Patient Centricity and Value Transparency
Patient engagement has evolved into the broader concept of “patient experience,” driven in large measure by rising consumerist behavior. The session “The Health System of the Future: A Model,” placed this theme within strategic context. Dr. Scott Cullen, Principal at ECG Management Consultants, discussed how today’s primary competitive drivers are “patient centricity and value transparency.” Dr. Cullen cited a variety of statistics demonstrating the critical success factors of “cost and convenience.” In one study, patients significantly valued access and convenience over credentials or continuity when selecting a provider. Another revealed that 19% of patients would switch PCPs if they could save $500 to $1,000.
Addressing this fluid, consumer-driven environment entails understanding true patient centricity. As Figure 1 summarizes, the patient is surrounded by convenient services – including self-services – delivered in many settings, coordinated by caregiver teams. The aim is comprehensive care from “wellness to hospice,” and the entire service stack is supported by a range of technologies.
In “Transforming Experience: Structure, Strategy and Sustainment,” Northwell Health’s Sven Gierlinger, Chief Experience Officer, and Agnes Barden, Vice President of Patient Experience, echoed the crucial nature of consumer focus. Hospitals need “new thinking, new culture, and new practices” because “we are now in the customer service business.” Gierlinger and Barden described how Northwell Health’s governing structure for end-toend patient experience, centered on an Office of Patient & Customer Experience. The organization also performed “deep dive interviews” with discharged patients. The upshot was development of a “relationship-centered communication strategy” for caregivers and staff involving training, role play, and coaching.

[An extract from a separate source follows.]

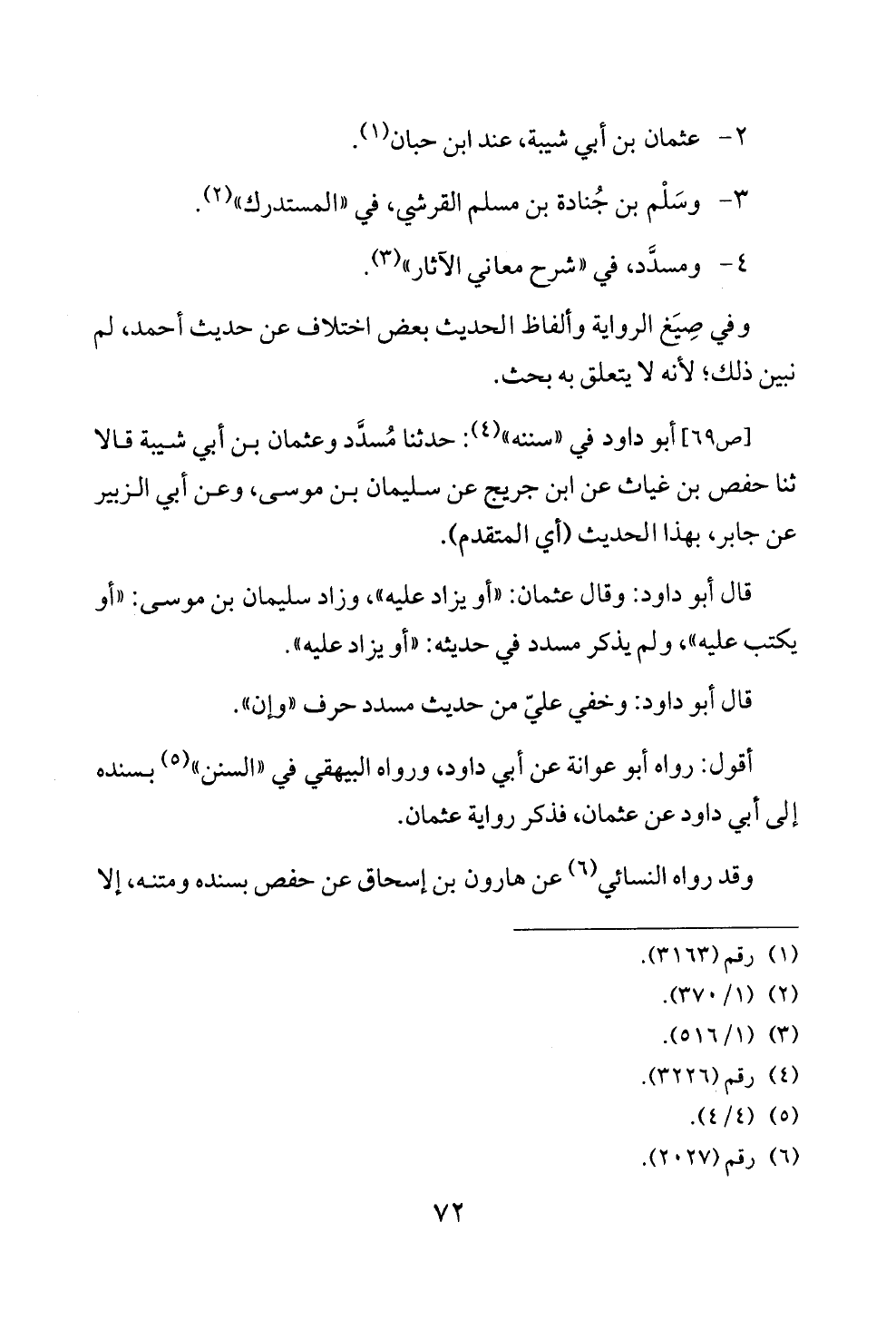 [ص ٦٩] أبو داود في "سننه" (¬٤): حدثنا مُسدَّد وعثمان بن أبي شيبة قالا ثنا حفص بن غياث عن ابن جريج عن سليمان بن موسى، وعن أبي الزبير عن جابر، بهذا الحديث (أي المتقدم).

In the session “Differentiate your PX Strategy,” Michael Pizzano, Vice President at CareOne Management and Advisory Board Member at Rutgers University, focused on the “empowered consumer.” Pizzano stated that “patients are aware of the power they possess … when choosing hospitals and interacting with healthcare brands.” However, “delighting patients with a seamless experience remains a challenge.” His offered two prescriptions:
- Break down silos by soliciting empathy. Tell the full experience story to change culture.
- Quickly show tangible business value from customer-centricity.
Finally, John Couris, President and Chief Executive Officer at Tampa General Hospital, reminded conference attendees that consumer-directed health plans and similar programs now enroll 26 million individuals. Couris cited a report in his session, “The New Core: Building Relationships with Patient Consumers,” showing:
- Two-thirds of executives believe insights into patient behavior are critical.
- Less than one-fourth feel they have the means to gather and analyze meaningful patient data.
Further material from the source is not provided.